Available data below:
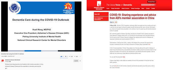 老年人是此次新冠肺炎疫情的高危人群,认知障碍患者还可能由于认知损伤造成疫情防控能力下降,进一步增加疾病感染风险;此外,疫情防控措施的执行还可能造成患者病情的波动,增加照护者的负担和压力。为了更积极地指导疫情期间为认知障碍患者和照护者提供精神卫生和心理社会支持,国际阿尔茨海默病协会(Alzheimer's Disease International, ADI)特别邀请王华丽教授进行全英文专题报告。相关视频已由ADI官方账号上传至YouTube网站(网址:https://www.youtube.com/watch?v=zM6cd1QSSFo&feature=youtu.be)
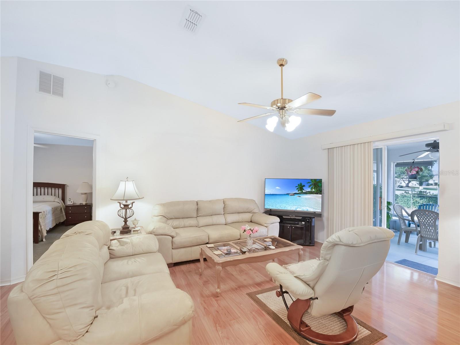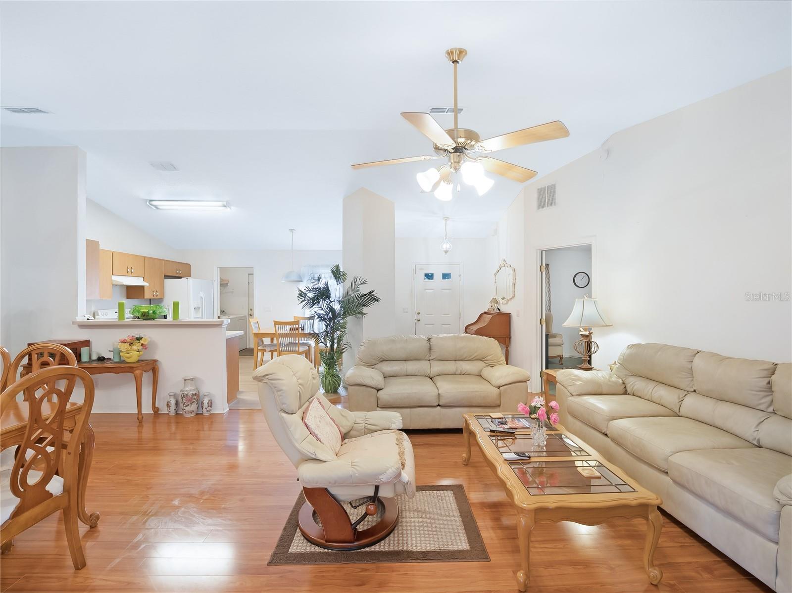 Charming 3-Bedroom, 2-Bath Home on a Prime Corner Lot in a 55+ Community This beautifully maintained home offers an open-concept design with a desirable split floor plan and soaring vaulted ceilings that create a bright, spacious atmosphere. The 2-car garage adds everyday convenience, while low HOA fees make for easy, low-maintenance living. Enjoy relaxing in the lovely enclosed lanai and the added privacy of a fenced-in yard, all perfectly situated on a premium corner lot. Ideally located just minutes from Publix, Walgreens, fitness centers, shopping, and major highways, this home perfectly blends comfort, convenience, and community living.
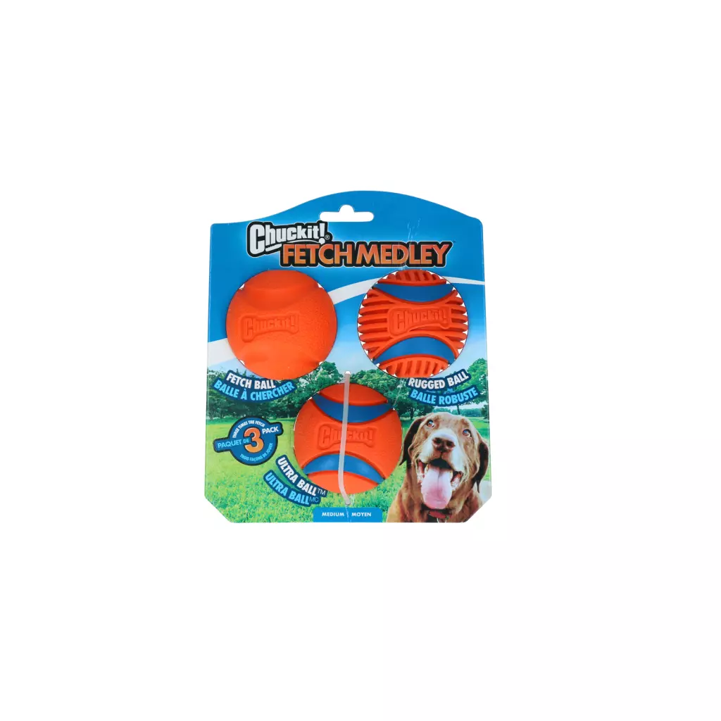 Met de Chuckit! Fetch Medley Gen 3 wordt de hond gestimuleerd om te rennen, springen en actief te achtervolgen. De verschillende ballen zorgen voor uiteenlopende stuiter- en rolpatronen, waardoor de hond steeds alert moet blijven. Dit draagt bij aan spieropbouw, uithoudingsvermogen en algehele conditie.
End of Available data.
**Assignment:** The reply has to reproduce every line above verbatim and contain no pictures.

**Expected answer:**
 老年人是此次新冠肺炎疫情的高危人群,认知障碍患者还可能由于认知损伤造成疫情防控能力下降,进一步增加疾病感染风险;此外,疫情防控措施的执行还可能造成患者病情的波动,增加照护者的负担和压力。为了更积极地指导疫情期间为认知障碍患者和照护者提供精神卫生和心理社会支持,国际阿尔茨海默病协会(Alzheimer's Disease International, ADI)特别邀请王华丽教授进行全英文专题报告。相关视频已由ADI官方账号上传至YouTube网站(网址:https://www.youtube.com/watch?v=zM6cd1QSSFo&feature=youtu.be)
 Charming 3-Bedroom, 2-Bath Home on a Prime Corner Lot in a 55+ Community This beautifully maintained home offers an open-concept design with a desirable split floor plan and soaring vaulted ceilings that create a bright, spacious atmosphere. The 2-car garage adds everyday convenience, while low HOA fees make for easy, low-maintenance living. Enjoy relaxing in the lovely enclosed lanai and the added privacy of a fenced-in yard, all perfectly situated on a premium corner lot. Ideally located just minutes from Publix, Walgreens, fitness centers, shopping, and major highways, this home perfectly blends comfort, convenience, and community living.
 Met de Chuckit! Fetch Medley Gen 3 wordt de hond gestimuleerd om te rennen, springen en actief te achtervolgen. De verschillende ballen zorgen voor uiteenlopende stuiter- en rolpatronen, waardoor de hond steeds alert moet blijven. Dit draagt bij aan spieropbouw, uithoudingsvermogen en algehele conditie.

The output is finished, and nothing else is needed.